This is a great question and one where the answer can depend on various factors, some of which change frequently
First and foremost, most medical providers that treat patients injured in auto collisions (or other injury causing incidents caused by the negligence of another) are experienced in documenting their records with terminology that auto and homeowner insurance carriers look for, such as:
  • Diagnostic codes for the assessed injuries;
  • CPT Codes for the treatment modalities administered to the injured patient;
  • Mechanism of injury (how did the particular incident “cause” the resulting injuries);
  • Causation/allocation/apportionment (to what degrees are the “symptoms” caused by the subject incident, as opposed to the degree that pre-existing conditions have been “aggravated” by the particular incident, etc.;
  • Discussing recommended current and/or future restrictions because of the injuries;
  • Discussing if the patient will “more probably than not” require any additional care in the future.
Medical providers whose practices prioritize in treating “personal injury” cases, usually provide their treatment on a “lien” basis,” which means they do not collect any payment at the time of service but instead agree to wait until the patient’s “injury” claim settles. Your attorney likely works with several such providers and can usually offer quite a few to consider, based on location, schedule, etc. Many providers may also consider reducing the amount of their total bill (come settlement) dependent on the circumstances surrounding your case, including liability insurance limits of the at-fault party/parties, disputed liability, etc.
On the other hand, providers one might see through their health insurance usually require a co-pay payment at the time of service, plus the amount of the patient’s annual “deductible” under their health plan. While they might very well treat the symptoms complained of, they don’t necessarily document the mechanism of injuries, allocation/apportionment, or restrictions (etc.) because none of these factors necessarily impact the provider’s treatment of said symptoms.
If one treats through their health insurance, their primary care physician might need pre-authorization (approval) to be referred to another provider or specialty, such as diagnostic testing, physical therapy, orthopedic surgeon, pain management, etc. Also, some health plans limit the number of “sessions” you can have with a specific provider type within a calendar year (like the number of times you can see a chiropractor or physical therapist).
Some, but not all, injury providers may agree to bill your health plan and “lien” the portion of their bills that your health plan does not pay. Some health plans allow medical providers to “balance bill” against an injury claim settlement (not against you personally) the portion of their charges disallowed by the health plan.
Of course, your decision to treat through your health plan may also be dependent on the type of health plan you have:

1) Governmental Health Plans such as Medicare, Medicaid, and AHCCCS

These pay the provider a fraction of a provider’s billed charges. The provider must accept such payments in full and cannot balance bill an injury settlement. The injured patient owes nothing to the provider unless their particular plan allows for co-pays and deductibles. The health plan is entitled to reimbursement from any injury settlement, but the plan will often be reduced by your “cost of recovery” (your percentage of attorney fees). It can be hard to get treatment for accident injuries through such health plans, but if you can, the potential financial windfall to you can be huge since they pay a fraction of billed charges and will reduce, while the providers cannot balance bills.
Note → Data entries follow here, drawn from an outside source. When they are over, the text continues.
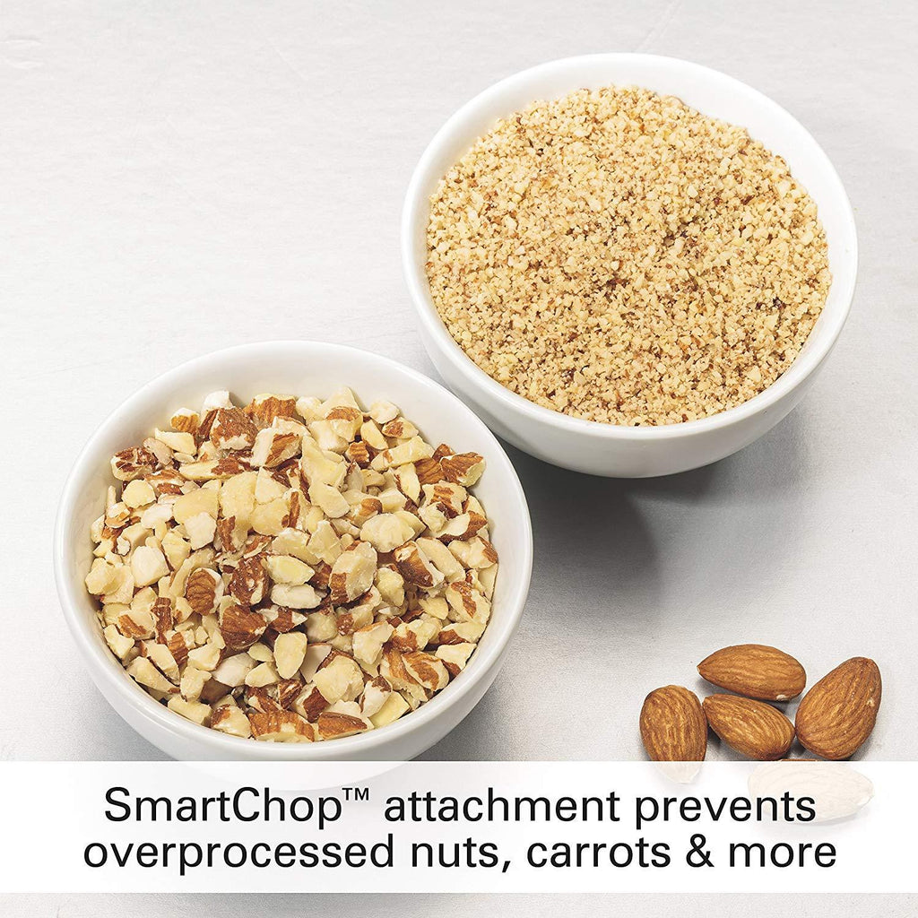 The SmartChop Food Chopper works two ways to produce ingredients of the perfect size and consistency for your recipe. Use the SmartChop attachment to prevent overprocessed nuts, carrots, onions, celery and more, or use it without the attachment for traditional chopping of softer foods, fine chopping and pureeing.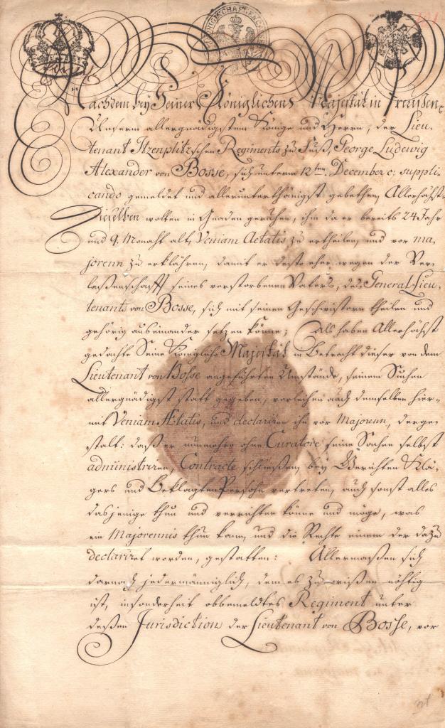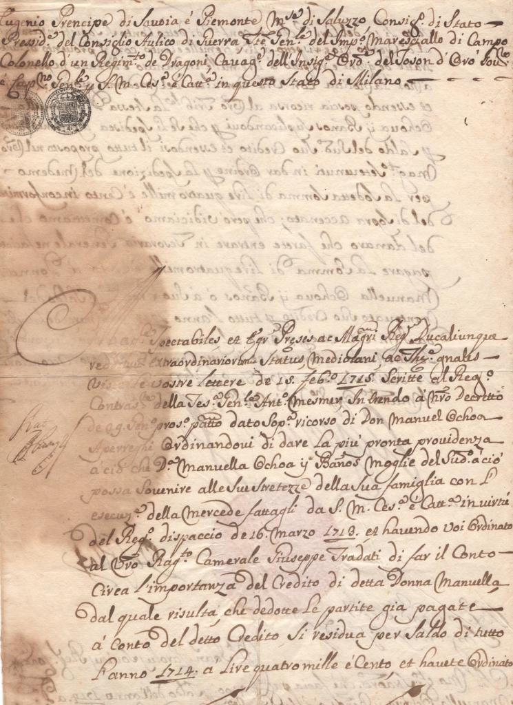 Documento con ampia intestazione nobiliare manoscritta che elenca i titoli del Principe, tra cui governatore e capitano generale nello Stato di Milano.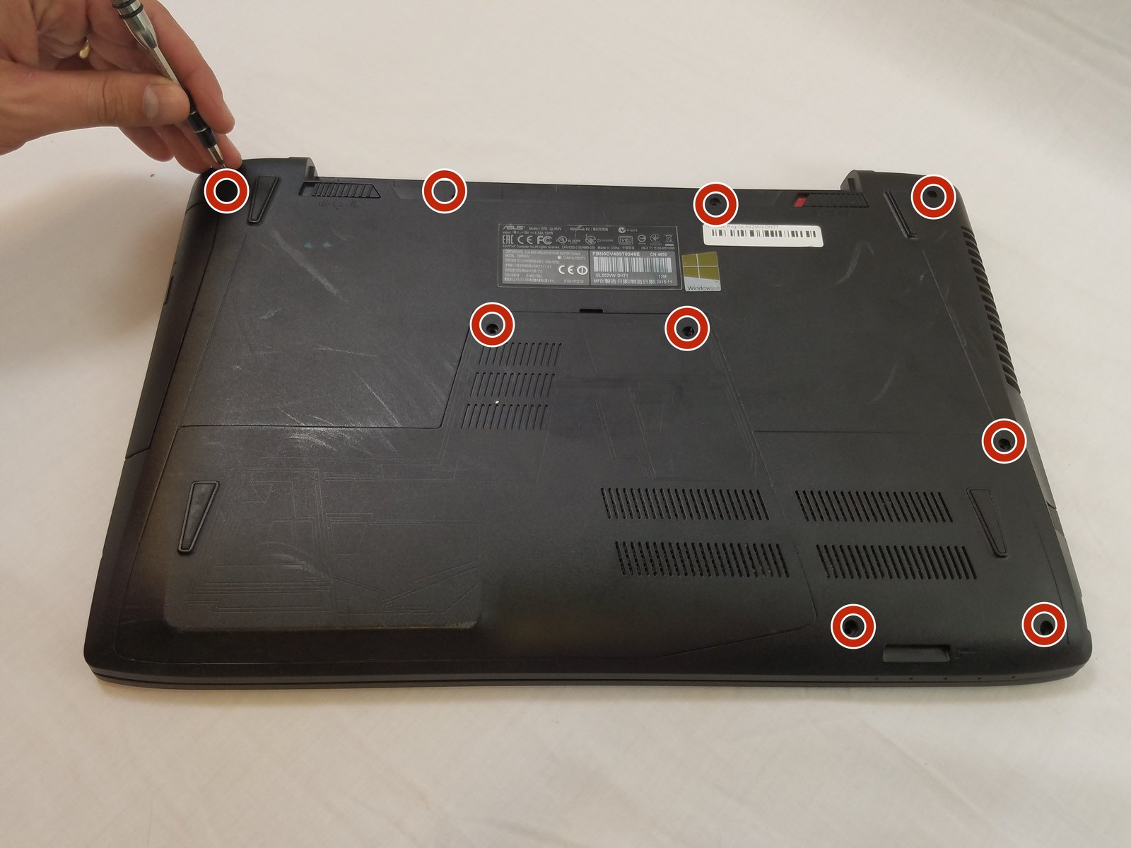 Rayu85 napisał(a):niestety nie mogę znaleźć instrukcji serwisowej do tego laptopaI na chwilę obecną nie znajdziesz. Odseparowanie palmrestu z klawiaturą od dolnej obudowy wymaga odłączenia baterii, odkręcenia 9 śrub od spodu laptopa, zdemontowaniu pokrywy dysku i wymontowaniu dysku, a dalej palmrest trzyma tylko na zatrzaski - do tego nie jest potrzebna instrukcja (zdjęcia umiejscowienia śrub poniżej - zapożyczone ze strony iFixit.com). Natomiast weź pod uwagę, że sama klawiatura w tym modelu jest zgrzewana do palmrestu i jej wymiana nie ograniczy się do odkręcenia kilku śrubek.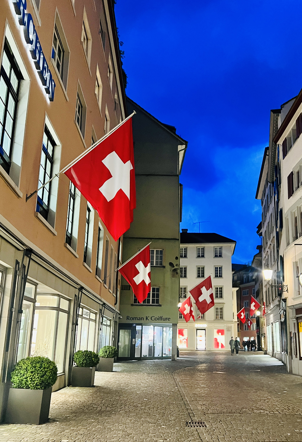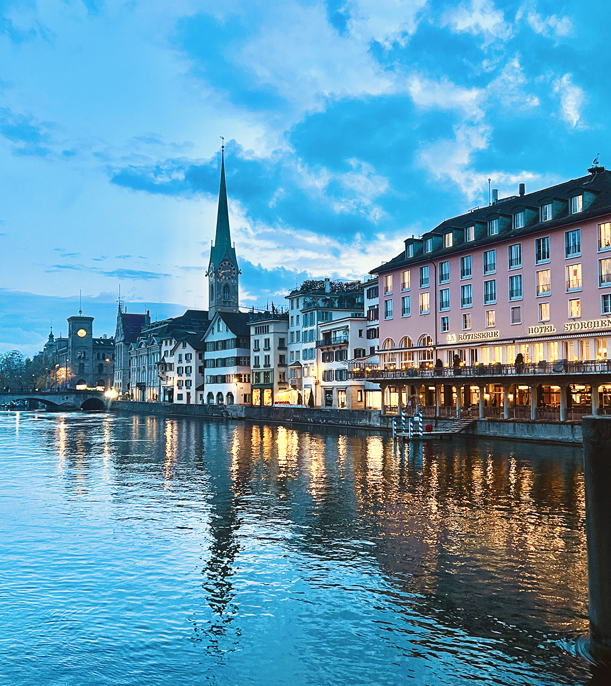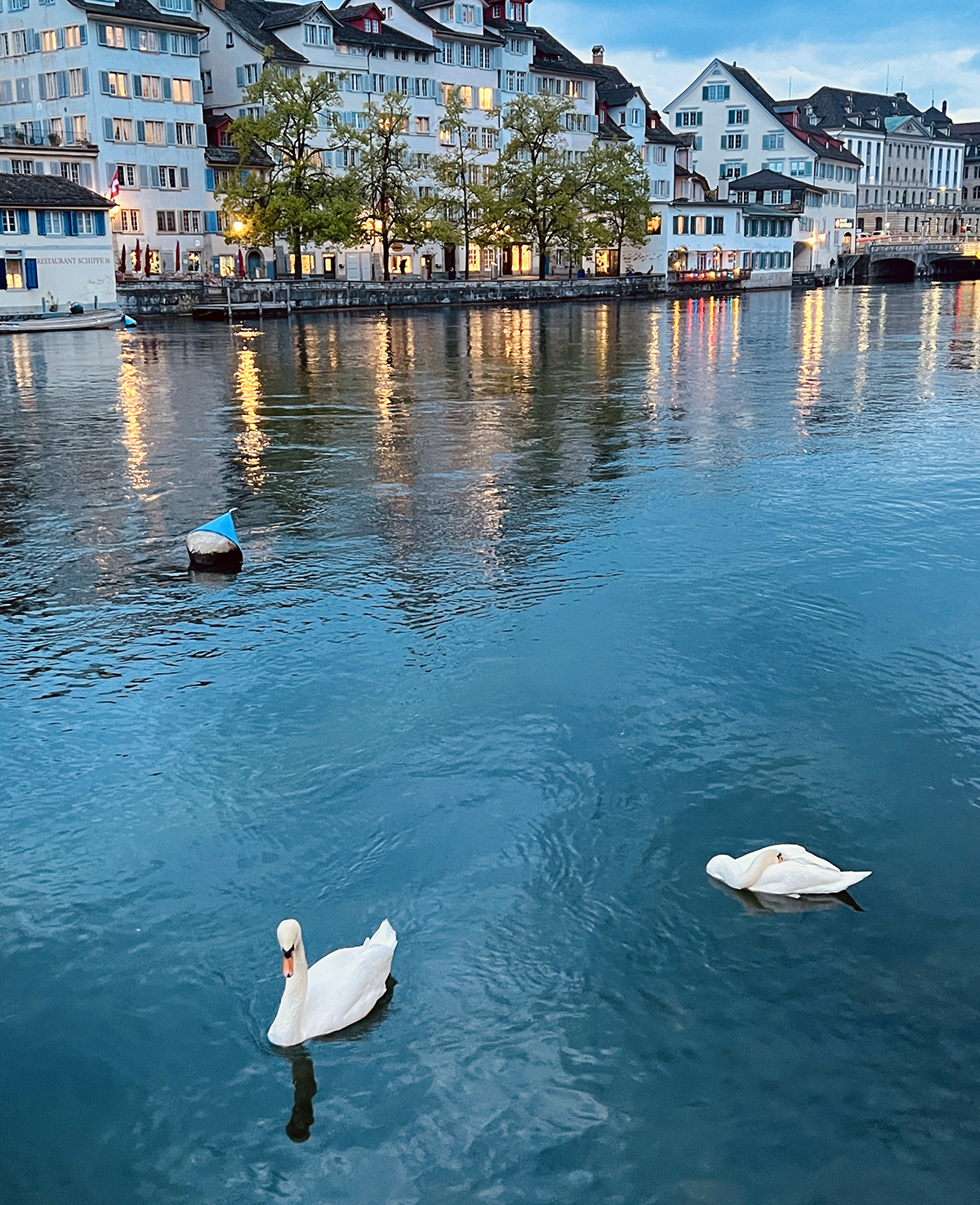 In the evening, my friends and I would stroll up and down the banks of the Limmat River, the light was perfection. Zurich is lovely by day, but in my experience, even lovelier during the evening during a twilight walk when the color of the sky and the lights reflecting off the Limmat River make you feel like you’re walking in a painting.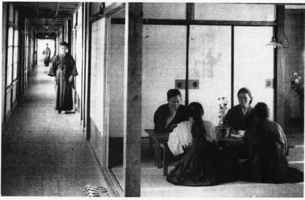 図11は広島にある上下高女の寄宿舎で、撮影された。大正時代の記録写真である。女学生たちは、畳の部屋につどい裸足ですわっている。あるいは、足袋ばきで。そして、部屋の外をとおる廊下に、草履をならべていた。この廊下は草履で歩いたことが、よくわかる。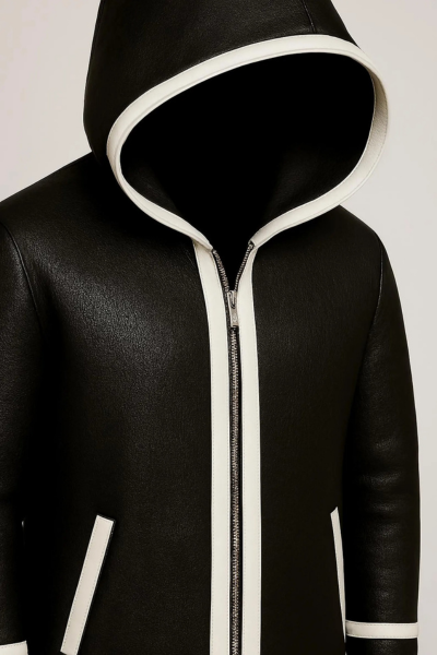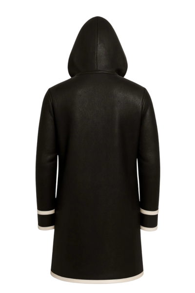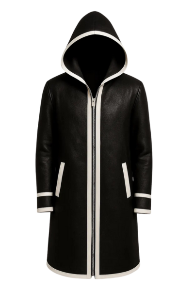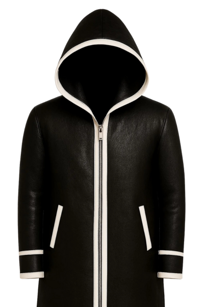 Bring bold style and premium craftsmanship to your wardrobe with this handmade real leather hooded long coat. Designed in rich black genuine leather with elegant white contrast trim, this coat offers a sleek modern look that stands out effortlessly.

2) Self-Funded ERISA Health Plans

These plans are offered through employers. Instead of buying health insurance with your premiums, they pool the premium monies collected and retain a third-party administrator to pay employees’ medical claims from that pool of money. These providers are also entitled to reimbursement and are often not obligated to reduce what they are owed (whether they must, or even may reduce, is dependent on the specific plan language). Since providers may also balance bills, it may be better to treat on a lien.

3) Private Health Plans

These plans may be offered through your employer, but individual health plans you may procure yourself are also private health plans. Such plans are NOT entitled to be reimbursed from any injury settlement, so treating through such a plan could increase your net in-pocket recovery upon settlement.

In reality, every case is fact-specific and different, so we encourage you to consult with an attorney to discuss your options and rights after any accidental injury.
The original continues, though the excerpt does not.